### WORK INSTRUCTION
Look through the data below and output, unchanged, every line from the one holding "Dimitri Limberatos (35)" through the one holding "ওড়িশা ও অন্ধ্র", inclusive. Skip the pictures.

### DATA FOR ANALYSIS
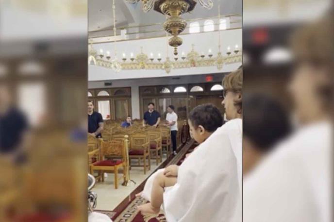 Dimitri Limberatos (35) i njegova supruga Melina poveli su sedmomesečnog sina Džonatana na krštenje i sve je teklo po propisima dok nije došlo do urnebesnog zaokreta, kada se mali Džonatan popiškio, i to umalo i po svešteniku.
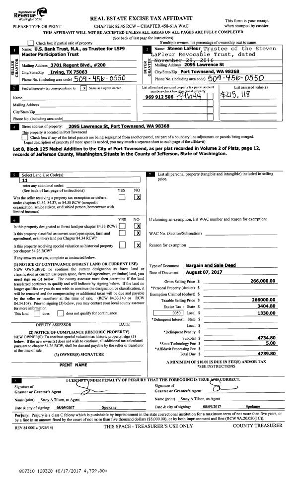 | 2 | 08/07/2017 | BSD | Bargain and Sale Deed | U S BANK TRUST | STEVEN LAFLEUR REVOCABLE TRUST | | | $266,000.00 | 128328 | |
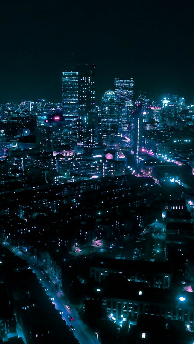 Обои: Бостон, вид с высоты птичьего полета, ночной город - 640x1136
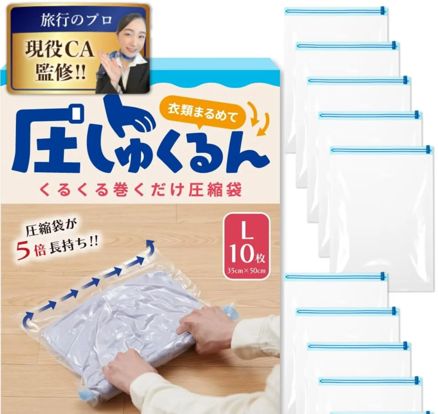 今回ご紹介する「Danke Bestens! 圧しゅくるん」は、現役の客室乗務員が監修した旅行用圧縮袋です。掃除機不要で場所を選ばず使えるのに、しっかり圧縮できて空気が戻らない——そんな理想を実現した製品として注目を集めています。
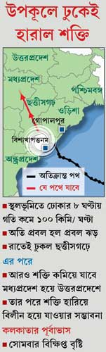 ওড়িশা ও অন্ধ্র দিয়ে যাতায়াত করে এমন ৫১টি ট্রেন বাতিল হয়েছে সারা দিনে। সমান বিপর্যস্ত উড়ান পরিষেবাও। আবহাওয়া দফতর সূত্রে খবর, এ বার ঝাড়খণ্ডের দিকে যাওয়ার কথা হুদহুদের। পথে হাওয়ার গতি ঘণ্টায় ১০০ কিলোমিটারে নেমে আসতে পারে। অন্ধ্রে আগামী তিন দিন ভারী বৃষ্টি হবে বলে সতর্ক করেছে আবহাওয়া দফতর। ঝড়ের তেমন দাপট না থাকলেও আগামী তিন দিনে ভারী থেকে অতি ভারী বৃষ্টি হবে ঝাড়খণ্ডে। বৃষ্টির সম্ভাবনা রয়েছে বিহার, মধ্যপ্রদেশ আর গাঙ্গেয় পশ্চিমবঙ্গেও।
* * *
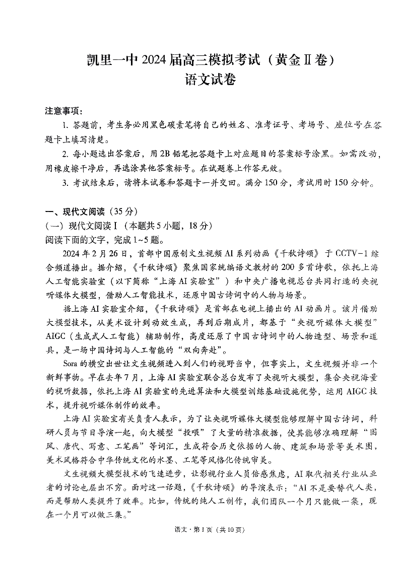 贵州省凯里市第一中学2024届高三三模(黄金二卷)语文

### YOUR SOLUTION
 Dimitri Limberatos (35) i njegova supruga Melina poveli su sedmomesečnog sina Džonatana na krštenje i sve je teklo po propisima dok nije došlo do urnebesnog zaokreta, kada se mali Džonatan popiškio, i to umalo i po svešteniku.
 | 2 | 08/07/2017 | BSD | Bargain and Sale Deed | U S BANK TRUST | STEVEN LAFLEUR REVOCABLE TRUST | | | $266,000.00 | 128328 | |
 Обои: Бостон, вид с высоты птичьего полета, ночной город - 640x1136
 今回ご紹介する「Danke Bestens! 圧しゅくるん」は、現役の客室乗務員が監修した旅行用圧縮袋です。掃除機不要で場所を選ばず使えるのに、しっかり圧縮できて空気が戻らない——そんな理想を実現した製品として注目を集めています。
 ওড়িশা ও অন্ধ্র দিয়ে যাতায়াত করে এমন ৫১টি ট্রেন বাতিল হয়েছে সারা দিনে। সমান বিপর্যস্ত উড়ান পরিষেবাও। আবহাওয়া দফতর সূত্রে খবর, এ বার ঝাড়খণ্ডের দিকে যাওয়ার কথা হুদহুদের। পথে হাওয়ার গতি ঘণ্টায় ১০০ কিলোমিটারে নেমে আসতে পারে। অন্ধ্রে আগামী তিন দিন ভারী বৃষ্টি হবে বলে সতর্ক করেছে আবহাওয়া দফতর। ঝড়ের তেমন দাপট না থাকলেও আগামী তিন দিনে ভারী থেকে অতি ভারী বৃষ্টি হবে ঝাড়খণ্ডে। বৃষ্টির সম্ভাবনা রয়েছে বিহার, মধ্যপ্রদেশ আর গাঙ্গেয় পশ্চিমবঙ্গেও।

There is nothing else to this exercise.